Can you help me complete this app: New Riffusion - a Hugging Face Space by Gertie2013

My app is supposed to generate music with tencent/SongGeneration: https://huggingface.co/tencent/SongGeneration

It’s also supposed to edit music with daydreamlive/DreamVAE: https://huggingface.co/daydreamlive/DreamVAE

@John6666

Hmm… I think a GPU is essential for that use case, but do you plan to allocate GPU Spaces actually? If you’re planning to implement this using CPU Spaces, it’s probably not possible. (Of course, it might be possible if you had an external service handle the processing and just retrieved the results via an API, but I assume you intend to run the inference on the HF side, right?)

Perhaps, you duplicate it to make sure it’s got Standard GPU. Keep the model IDs.

Sorry, I don’t really get what you’re saying…

Also, personally, I don’t use standard GPUs due to budget constraints, so I’ll only be able to help out a little with the coding.

What about CPU Upgrade?

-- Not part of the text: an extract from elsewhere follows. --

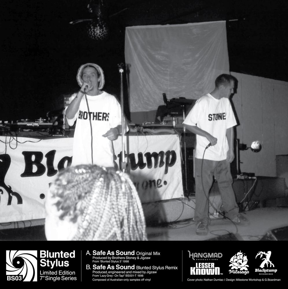 The BLUNTED STYLUS 7" Single Series just gets stronger, with another two certified classics back-to-back, professionally packaged in a striking "Safe-As" picture sleeve. Lazy Grey and Len-One are pictured on the back cover performing at "The ZOO" launch night Brisbane. (photograph by G. Boardman).
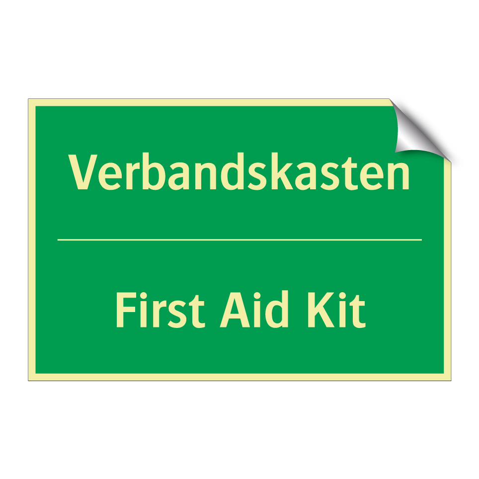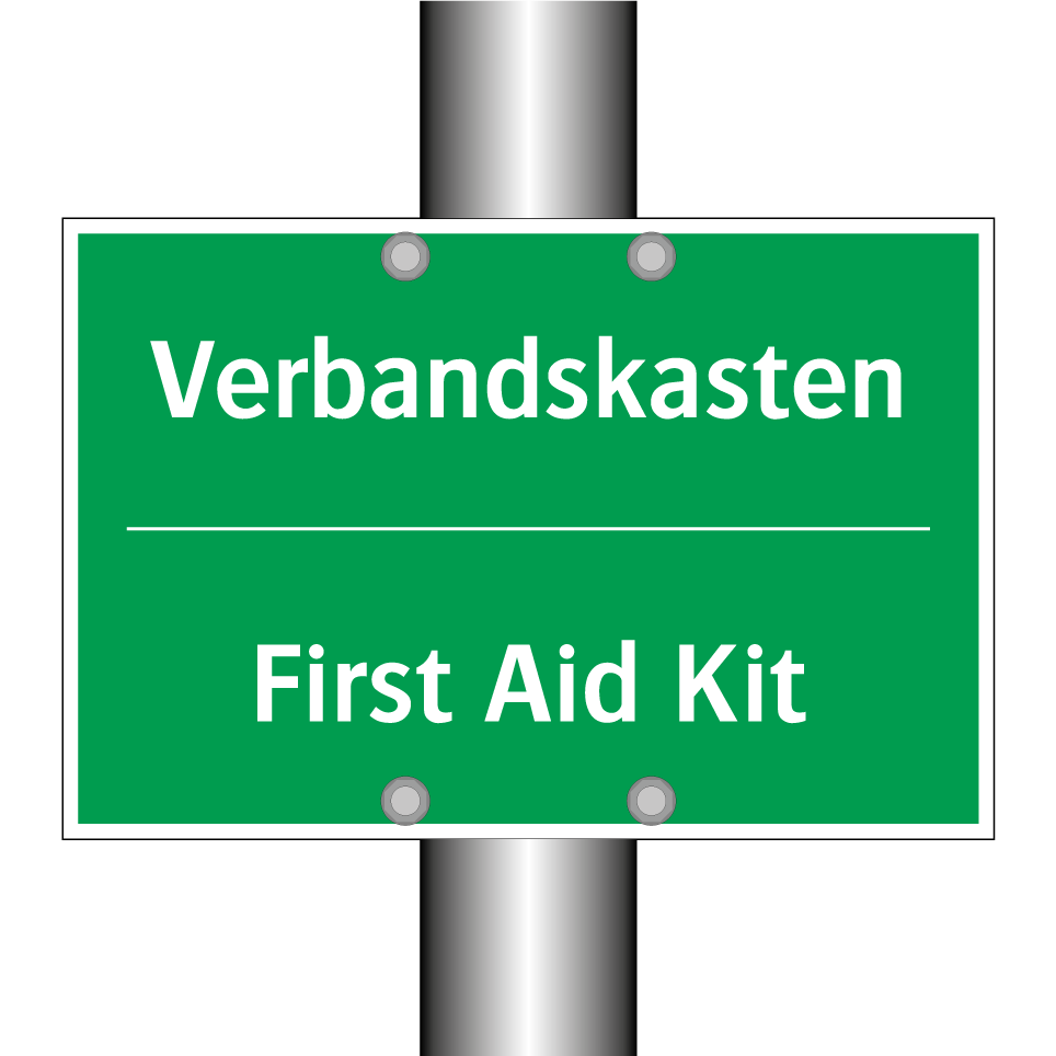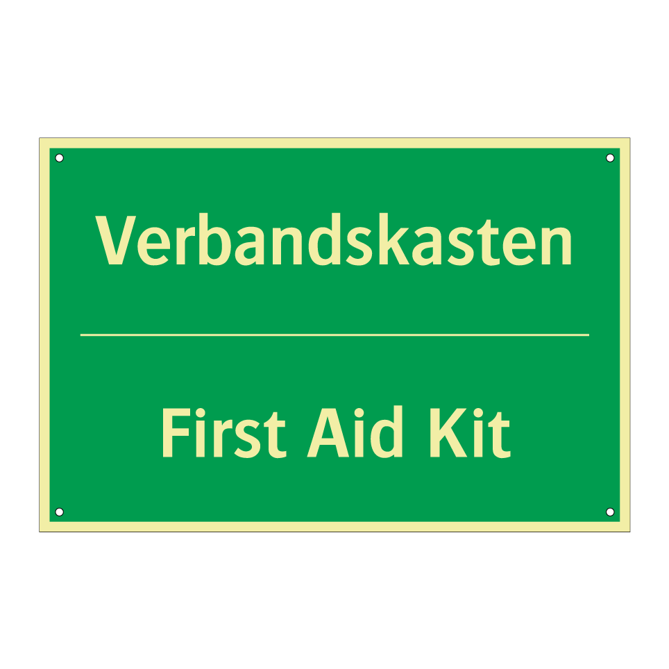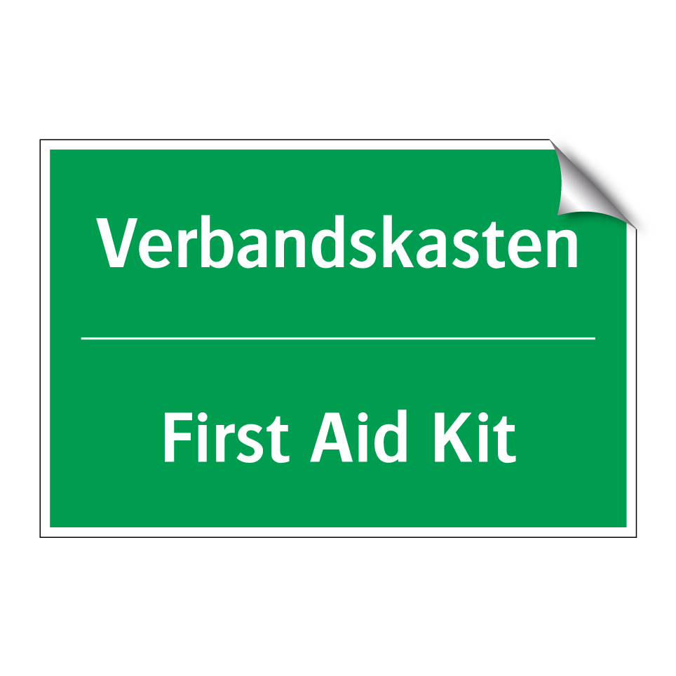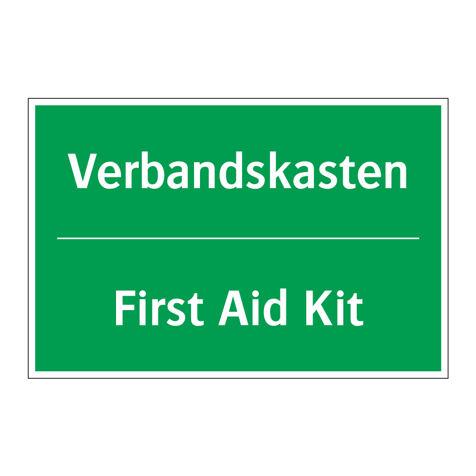 Zweisprachiges Rettungsschild mit deutschem Text Verbandskasten und englischem Text First Aid Kit

That might be Option 2. Coding is Option 1.

Coding tricks and the Upgraded CPU space just aren’t enough. I think it’ll be difficult to run the configuration you’re looking for without GPU space—and not just any GPU, but a relatively high-end one…

The reason the previous Gemini API worked, even if the model wasn’t exactly what you wanted, is because there’s a GPU on the other side of the network—one that’s even more powerful than what I mentioned above. (Since it’s Google, it might be a TPU, but it’s pretty much the same thing. It’s not a CPU.)

Even if you train a single ant, you can’t make it strong enough to beat an elephant… Maybe “ant” is an exaggeration—let’s say it’s strong enough to handle a mouse or a squirrel…

In terms of HF, Zero GPU Spaces costs $9 a month and lets you use it for 25 minutes a day; it’s part of the high-performance GPU Spaces category, but since there’s a daily GPU usage limit (quota), it’ll be inconvenient if you plan to use it for extended periods at once. Also, coding on Zero GPU Spaces is trickier and more finicky than on regular GPU Spaces. Still, since it guarantees performance and is relatively inexpensive, it’s ideal for prototyping or creating demos to show others, but it has too many restrictions if you just want to “use it” for general purposes.

GPUs are expensive in reality. While there are occasionally free usage quotas provided for research support or corporate demos, these are extremely rare exceptions. Most people who want to use OSS AI end up buying expensive consumer-grade GPUs for their personal PCs. There are even a few who purchase enterprise-grade GPUs—which are several times more expensive—for personal use. There are several well-known services, including HF, that offer paid rentals by the hour.

In any case, “free” and “unrestricted” access to GPUs—barring scams—is virtually nonexistent. The only exception might be the 16GB VRAM Tesla T4 GPU on Google Colab Free, which you can use for a few dozen minutes a day…

In short, the bottom line is that “what stands in the way of your (and others’) implementation goals is the financial cost.”:pensive_face:

Fine. Help out a little with the coding: New Riffusion - a Hugging Face Space by Gertie2013

I’m keeping the model IDs: https://huggingface.co/tencent/SongGeneration (for generating music**), https://huggingface.co/daydreamlive/DreamVAE (for** editing music**)**

Well, I can’t really help you unless I know your target environment—specifically, what level of GPU you’ll actually be using…

Also, I don’t do custom development work for others. I’m not completely swamped, but I don’t have that much free time. If I’m interested, I might help out on my own, but sometimes I won’t do anything at all.

If you’re looking for a reliable workforce, you’re better off paying someone to do the job…

What about T4?

I used Zero GPU to actually measure the memory usage of the GPU version I created earlier, and it looks like it should run as long as there is at least about 7.5 GB of VRAM and at least about 27 GB of RAM. I can’t say for certain, but this should serve as a rough guide.

Applying this to actual HF Spaces, a T4 small instance would have enough VRAM but not enough RAM to run it. A T4 medium instance might be able to run it. An L40S instance should run slightly faster based on these calculations.

Edit:
By the way, aside from the discussion about T4, daydreamlive/DreamVAE doesn’t seem to be the kind of model used for music editing.